Adolescence is an exciting time in a person’s life. You’re growing and developing physically, emotionally, and socially. Every aspect of your life is affected. That includes your relationship with your health care. At some point, young people make the move from pediatric to adult health care providers. Unfortunately, this move can be confusing at times, particularly for people with chronic neurological and neurodevelopmental conditions.

What is health care transition?

Health care transition is the planned movement of adolescents and young adults with chronic physical and medical conditions from a child-centered to an adult-focused health care system. Health care transition is a process, not a one-time event. The goals of this transition are to get a patient and their family ready to move from pediatric to adult care, to empower them to advocate for their health, to help them understand how to use adult-focused health services, and to ensure that the entire process of moving from one provider to another goes as smoothly as possible for everyone involved.

When should we start talking about health care transition?

By age 14, your health care providers should start talking to you about the transition to adulthood and health care transition

By age 18+, your health care providers should start talking about transferring care to an adult provider.

The UNC Neurology Health Care Transition Clinic

At the UNC Neurology Health Care Transition Clinic, we want to help our patients gain the knowledge, skills, and support that they’ll need when it is time to move from a pediatric to adult neurology clinic.

What can I expect when I come to UNC Neurology Health Care Transition Clinic?

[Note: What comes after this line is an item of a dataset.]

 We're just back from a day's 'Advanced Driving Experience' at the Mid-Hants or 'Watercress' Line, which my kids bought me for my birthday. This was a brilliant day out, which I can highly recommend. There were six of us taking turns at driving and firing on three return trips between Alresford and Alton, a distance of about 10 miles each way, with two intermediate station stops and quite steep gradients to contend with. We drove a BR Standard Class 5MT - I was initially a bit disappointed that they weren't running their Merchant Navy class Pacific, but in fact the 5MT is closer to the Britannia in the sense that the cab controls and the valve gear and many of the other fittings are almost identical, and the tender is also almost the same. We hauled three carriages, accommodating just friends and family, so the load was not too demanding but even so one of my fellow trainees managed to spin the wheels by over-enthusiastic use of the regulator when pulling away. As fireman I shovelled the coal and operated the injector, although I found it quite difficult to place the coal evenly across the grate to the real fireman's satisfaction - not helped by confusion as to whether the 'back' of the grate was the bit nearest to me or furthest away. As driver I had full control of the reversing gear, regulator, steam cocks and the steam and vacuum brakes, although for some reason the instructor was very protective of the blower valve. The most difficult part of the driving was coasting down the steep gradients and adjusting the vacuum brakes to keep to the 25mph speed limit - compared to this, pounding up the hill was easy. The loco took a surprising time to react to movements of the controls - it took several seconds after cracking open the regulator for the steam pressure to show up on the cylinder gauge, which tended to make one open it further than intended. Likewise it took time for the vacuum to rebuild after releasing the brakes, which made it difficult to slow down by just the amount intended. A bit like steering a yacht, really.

During each visit, we’ll talk with you and your family about how:

  • a young patient’s neurological condition can affect their lives throughout adulthood;
  • young people manage their medications on their own;
  • to communicate with adult-focused healthcare providers;
  • services and community-based supports may help them live as independently as possible.

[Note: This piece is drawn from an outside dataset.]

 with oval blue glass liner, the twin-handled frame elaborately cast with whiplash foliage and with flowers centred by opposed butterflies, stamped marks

We’ll also talk about other things that are very important to young adults like school (college, inclusive post-high school options, and other programs,) jobs, housing, driving, reproductive health, mental health, and healthy relationships. For our patients with intellectual and developmental disabilities, we’ll also discuss supported decision-making, guardianship, and other alternatives for support.

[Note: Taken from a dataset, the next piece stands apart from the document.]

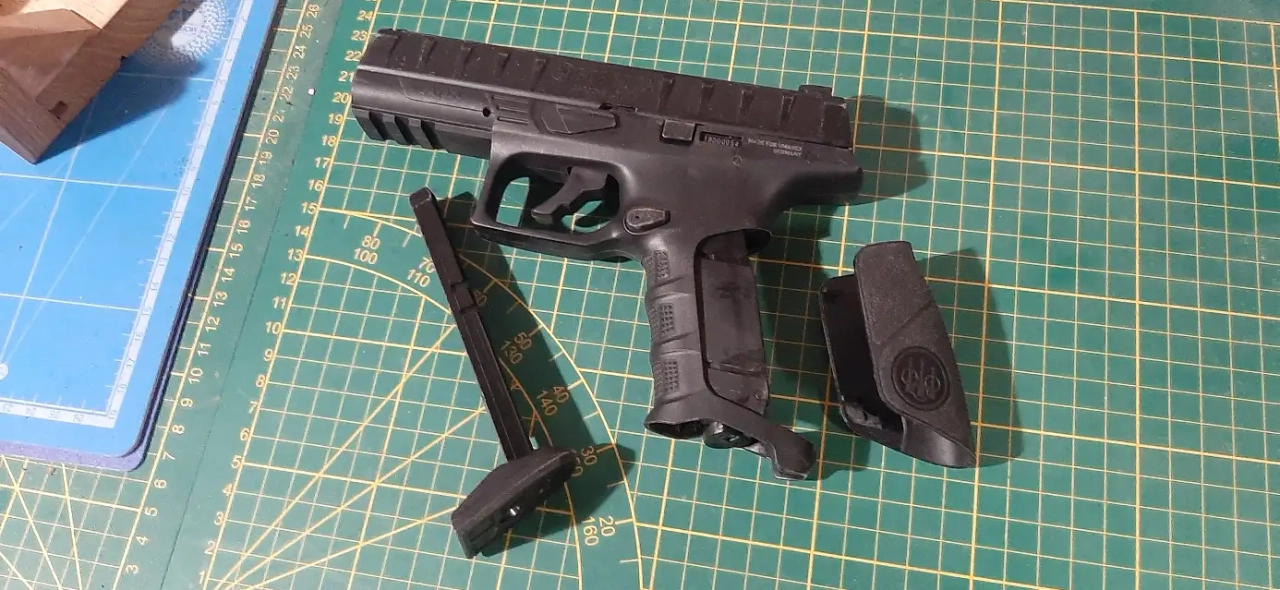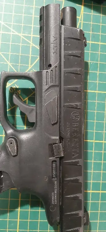 Pistolet airsoft 6mm Berretta APX CO2 Full Métal en tres bon état de fonctionnement!! parfois une légère fuite au départ du chargement de la cartouche mais disparait des les premiers tirs et pas systématique!! Blowback solide avec une petite course de la glissière, une réplique avec un bon kick. Bolt catch fonctionnel en fin de chargeur. Puissance d'environ 1 joule! Système seulement double action, la force à exercer sur la queue de détente est identique armé ou pas! Vendu avec un seul chargeur. Traces d'usages normales (voir photos). 660g Excellent en Backup!!

When you’re visiting the clinic, you may meet with a few of our team members including our physicians, nurse practitioner, or social worker.

For your clinic visit, make sure to bring your updated list of medications, allergies, and any outside medical records (including EEGs, MRIs, lab work, neuropsychological testing, IEPs, and other reports) that may be helpful. Think about what your goals are for yourself during adulthood. Do you want to go to college? What do you want to do for work? Will you need someone to help you with your day to day activities? All of this information will help us make a plan to connect you with the support that you will need to help you reach your goals.

Meet our Team:

Diana Cejas, MD, MPH

Diana Cejas, MD, MPH

Dr. Cejas graduated from Howard University College of Medicine in 2010. After completing her training in general pediatrics at the Tulane-Oschner Pediatric Residency Program, she completed her child neurology training at the University of Chicago. She also holds a Masters of Public Health in Maternal and Child Health from George Washington University. She is board certified in both General Pediatrics and Neurology with Special Qualification in Child Neurology.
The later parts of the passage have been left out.